Reversing formulas containing exponents

Question

I have these 4 formulas

e = 4 * n^0.6
e = n^3
e = 1.2 * n^3 - 15 * n^2 + 100*n - 140
e = 5 * n^0.75

They take in n and result in e

How on earth would I reverse this to take in e and result in n. I'm not very math savy is another problem.

I mean I get for addition just subtract and for multiplication just divide but even then I don't know what to do when it comes to an equation with multiple parts to it but then you also have exponents and such mixed in I don't know where to begin to reverse these formulas.

Any help or guidance would be most appreciated and this is for a personal project outside my day job, it's not school or job related but it's important to me so I really want to get this down.

Thanks in advance

Answer 1

The problem is relatively simple, and I think a little bit of formal definition will resolve the problem. First, inverse functions. Given a function $f(x)=y$, meaning a function in which we put in $x$ to get $y$, we can define a similar function, $f^{-1}(y)=x$, where we put in $y$ to get $x$. That effectively reverses the function (it’s a little more complex if the original function is not one-to-one, but that doesn’t matter with your 4 functions). To find that function $f^{-1}(y)$, we solve for $y$. For example, if we are given $y=x+1$, we get $x=y-1$.

Now, we introduce some exponent properties. $(a^b)^c=a^{b*c}$. Since raising both sides of an equation to an exponent doesn’t change the validity of the equation, we can use that to solve most of the equations. For example, with the second equation, we can raise both sides to $\frac{1}{3}$, since using the aforementioned property, we get $n$ on the right side.

Your third equation has a very complex answer. I won’t bother giving you the method, but the answer is $4.16667-.284996z+\frac{36.5502}{z}$, where $z=(2\sqrt{(81y^2-16695y+1.3676*10^6)}-18y+1855)^\frac{1}{3}$.

Answer 2

The third equation is a cubic equation in $n$.

Using whole numbers, rewrite it as $$\frac{6 }{5}n^3-15 n^2+100 n-(140+e)=0$$ and follow the steps given in the linked Wikipedia page.

You will quickly find that the equation has only one real root and using the hyperbolic solution you should arrive to $$n=\frac{25}{6}-5 \sqrt{\frac{5}{3}} \sinh \left(\frac{1}{3} \sinh ^{-1}\left(\frac{1855-18 e}{375 \sqrt{15}}\right)\right)$$ which does not present any problem with a pocket calculator.

Answer 3

Since you are not so math savvy, I recommend to have a look at this great video of Vi Hart in which she explains that elementary algebra (including fractional exponents) is just $+1$ in a fancy way. For example, $+3 = +1+1+1$. Let's make it fancy. A product is a fancy way of $+1$. For example, $12 = 3 \times 4$ means that $12$ is equal to $+3$ when counting in a plus $4$ kind of way: $12=+4+4+4$. Even more fancy, exponentiation of $n$ is counting in a times $n$ kind of way.

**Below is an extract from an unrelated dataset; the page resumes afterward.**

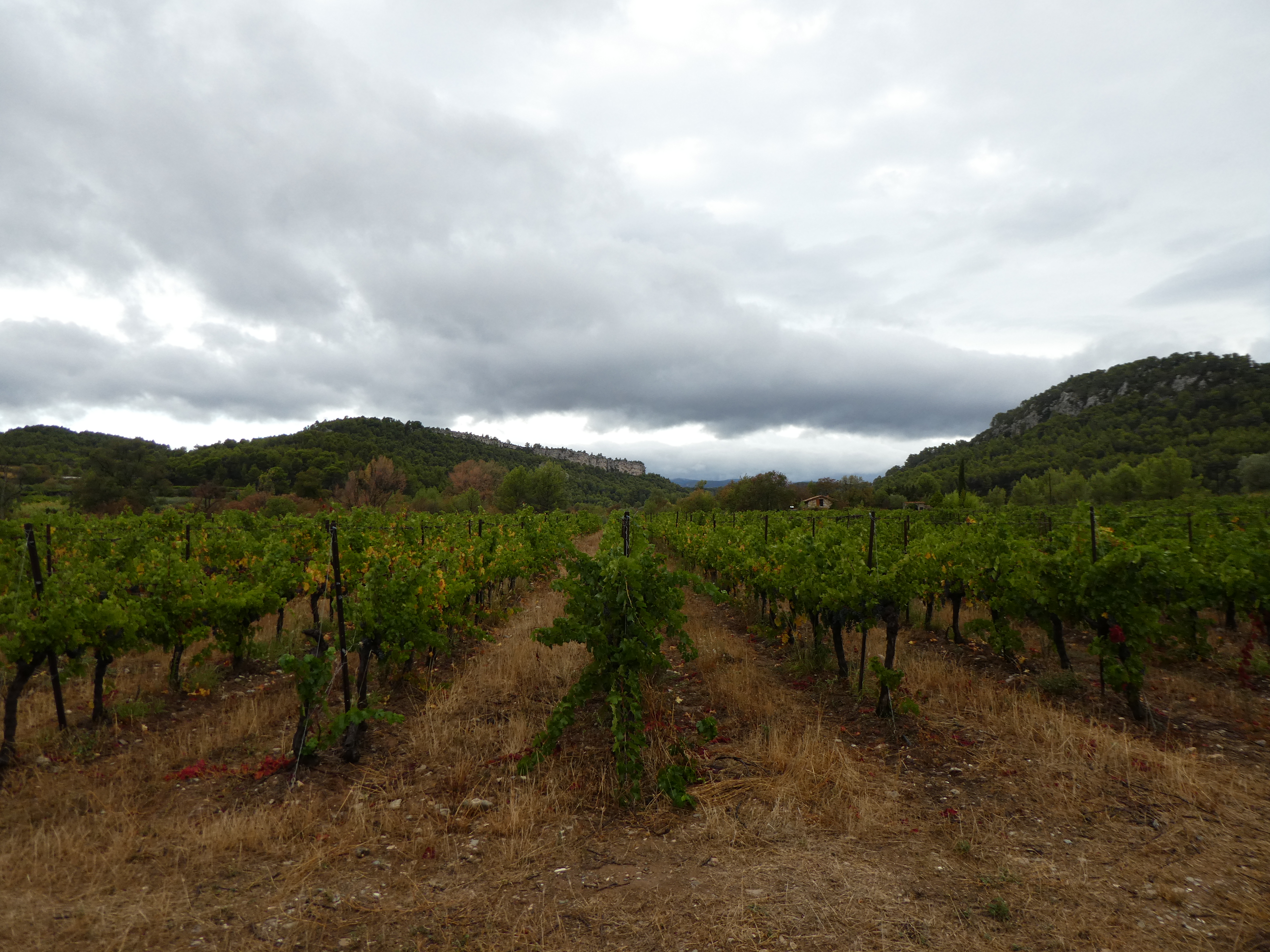 A ce croisement avec la piste longeant la propriété de Sainte-Lucie (50 mètres après le précédent), suivre cette dernière sur la gauche direction Bize-Minervois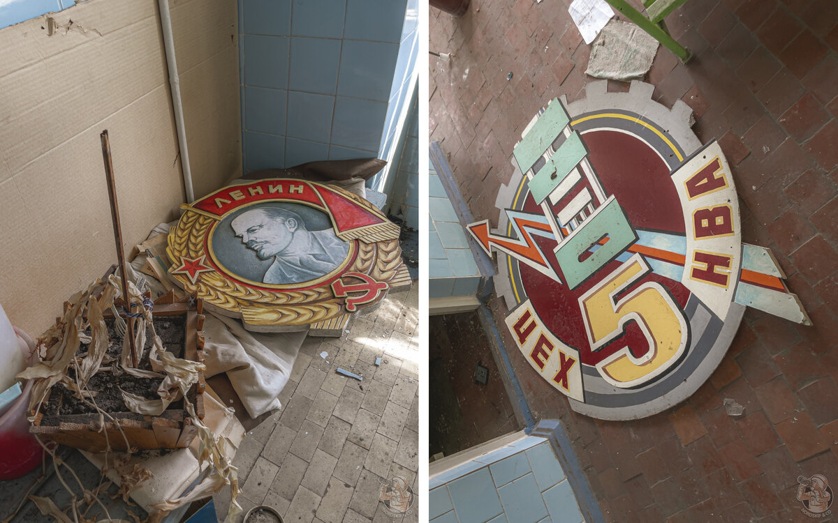 Отдельного внимания заслуживает большое количество коммунистической символики, ручной работы. Жалко, что всё может сгинуть под гусеницами трактора… Сейчас никто не заинтересован в спасении таких артефактов эпохи, считая их бесполезным пережитком.

For example, your second equation ($e$ is $n$ to the power $3$) means that $e$ is $+3$ when counting in a times $n$ kind of way: $e=n*n*n$. You already know what $e$ is in terms of $n$ (it's $e=n^3$) and you are interested in knowing what $n$ is in terms of $e$ (spoiler: it's $n=e^{\frac{1}{3}}$). To get to that result, observe that $n$ is one third along the way to $e$ when counting in a times $e$ kind of way:

I highly recommend to make similar plots for equations 1 and 4. Your first equation ($e = 4 \times n^{0.6}$) means that $e$ is $+4$ when counting in a plus $n^{0.6}$ kind of way, so with a similar observation made when solving your second equation, $n^{0.6}$ is $\frac{1}{4}$ when counting in a plus $e$ kind of way. Moreover $0.6 = \frac{3}{5}$, so $\frac{e}{4} = n^{\frac{3}{5}}$. Making again a similar observation as before, you'll find $n = \left(\frac{e}{4}\right)^{\frac{5}{3}}$.

The fourth equation is similar as the first one. Just replace the factor $4$ with a factor $5$ and the exponent $0.6 = \frac{3}{5}$ with $0.75 = \frac{3}{4}$. You'll obtain $n = \left(\frac{e}{5}\right)^{\frac{4}{3}}$.

I hope that helps to better understand the answer of H Huang. Notice that when using $(a^b)^c=a^{b \times c}$ with $c=\frac{1}{b}$, you'll get $a$, as in the solution of your second equation $n=n^{3 \times \frac{1}{3}} = e^{\frac{1}{3}}$.

The third equation is indeed more complicated to explain, but as explained in the answer of Claude Leibovici, you need to find the solution of a cubic equation in $n$.